Procalcitonin has been widely reported to be useful in this population and has been included in risk stratification algorithms1,4. Procalcitonin has been reported as an early marker of infection, and elevated levels between 12 and 36 h of fever suggest the presence of an IBI in hospitalized febrile neonates 26. Our data-driven risk scores provided threshold cutoffs at 0.05, 0.36 and 4.38 (Table 2). Adding procalcitonin to a febrile infant clinical pathway resulted in decreased lumbar puncture for infants with at low risk of SBI26. However, more infants were assigned high risk and underwent laboratory investigations, resulting in no net change in overall resource utilization. This study highlights the need to study the implications of routine procalcitonin testing7,27.

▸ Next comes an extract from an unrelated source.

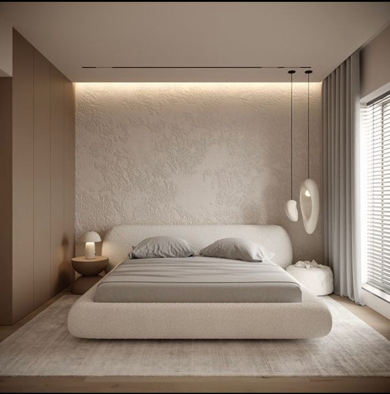 Ontworpen voor wie rust en verfijning zoekt, combineren de bedden organische vormen met een serene uitstraling. De zachte, afgeronde lijnen en de bekleding in Bouclé geven de slaapkamer een gevoel van luxe eenvoud.

We recognize the limitations to this study. Being a single-center study, the patient population is likely to differ from those of other centers, necessitating external validation and refinement of our risk score. We did not have culture results for all febrile infants (specifically infants 28–90 days old) because the decision on the extent of investigations was determined by the attending pediatrician. However, all febrile infants were hospitalized and monitored until 24 h afebrile before discharge, making a missed SBI less likely. Axillary temperature is the standard practice in our center, which is potentially confounded by over-wrapping and less accurate than rectal temperature. However, axillary temperature measurement is less invasive than rectal measurement, and the triage nurses are taught to take the axillary temperature with a single layer of clothing only. Our study dates included that of the COVID-19 pandemic when the presence of SARS-CoV-2 as well as the institution of national lockdowns could potentially have affected the prevalence of SBIs. The sensitivity of our model appears lower than some previously reported machine learning models11,12. However, in the FIRST methodology, all continuous variables are converted to categorical variables based on pre-specified cutoffs. This process of conversion likely reduced the prediction power of the continuous variables, accounting for a less ideal performance as compared to random forest models that applied continuous variables directly. Subsequent validation of this risk score must keep close surveillance on missed cases of SBI, quality of care and impact on health services28. Febrile infant populations vary depending on SBI prevalence, accessibility to care and healthcare-seeking behaviors. Some febrile infants may present within hours of the onset of fever, while others may present after the first day of fever. Therefore, risk scores need to be fine-tuned based on the unique characteristics of the local population.

Conclusion

We derived and internally validated clinical risk scores (FIRST and FIRST +) for febrile infants that quantify the risk of SBIs using routinely available clinical predictors. If externally validated, this risk score has potential to guide triage and prioritization of febrile infants.